Entrance of Yanbol Synagogue, Istanbul

Several hundred feet from the Ahrida Synagogue stands the  Yanbol Synagogue, the other main synagogue preserved in Balat. Bearing the name of the small city in Bulgaria where the members of the founding community originated, the synagogue was rebuilt in the eighteenth century and restored several times subsequently. Illuminated by its numerous windows, the large hall is crowned by an elegant wooden ceiling decorated with floral and other motifs. The capitals of the columns are finely carved and painted. The tevah in the middle of the hall faces the aron, whose wooden doors are inlaid with mother-of-pearl and ivory like those of the Ahrida Synagogue.
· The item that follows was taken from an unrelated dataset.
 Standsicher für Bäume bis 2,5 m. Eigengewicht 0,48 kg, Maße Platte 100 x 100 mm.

Nearby, at the corner of Feruh Kahya and Mahkme Alti streets, you can visit the old  cavus Hammami, frequented by Jews of the quarter, who called it “el bano de Balat”. In both the men’s and women’s areas of the facility, there is a basin reserved as a mikvah for purification.
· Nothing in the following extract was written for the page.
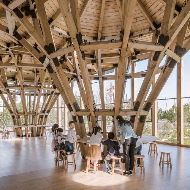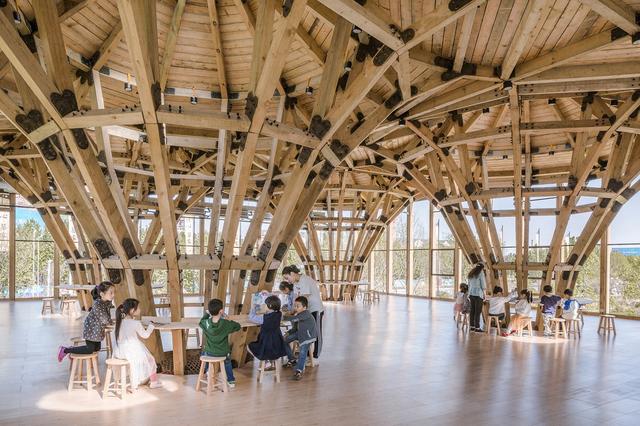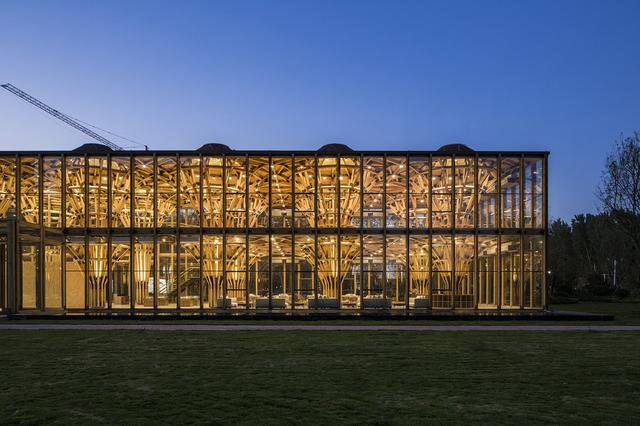 据了解,珑府生活体验中心是由一位从事房地产开发的生态农场经营者委托建造的,该经营者需要空间来瞄准追求绿色生活方式的消费者,由建筑公司LUO Studio设计的木制结构,可以方便地进行改造或拆除,采用可持续的天然材料,体现了与自然的连接,非常贴合客户的企业气质。

Going back up the hill toward Balat and the Saint Savior in Chora (Kariye Camii), famous for its mosaics, you will come to the impressive  Ichtipol Synagogue. Made completely of wood, the synagogue has a beautiful round stained-glass window bearing two interlaced Stars of David. It was established in the first years of the Ottoman Empire by Jews from the small Macedonian town of Ichtip. Devastated by several fires, it was reconstructed for the last time in 1903. facing at number 63 and 67 on the same street are two beautiful homes notable for their corbelled wooden facades and finely carved decorations. They were once occupied by Jewish families of the area, who, even at that time, had already begun to occupy parts of the neighboring Greek enclave.

Cavus Hammami, Istanbul

The remains of several other synagogues can be found in Balat, sometimes reduced to a simple door, such as that of the Kastoria Synagogue, at 132 Hoca Cakir Street. Along Demir Hisar Street, one can make out the ruined walls of the Eliahuh (at number 231) and Sigri Synagogues. The former Egri Kapi cemetery, which closed in 1839, is now completely abandoned and being devoured by neighboring construction projects. The tombstones bearing inscriptions have been transported to the cemetery in Hasköy on the other side of the Golden Horn.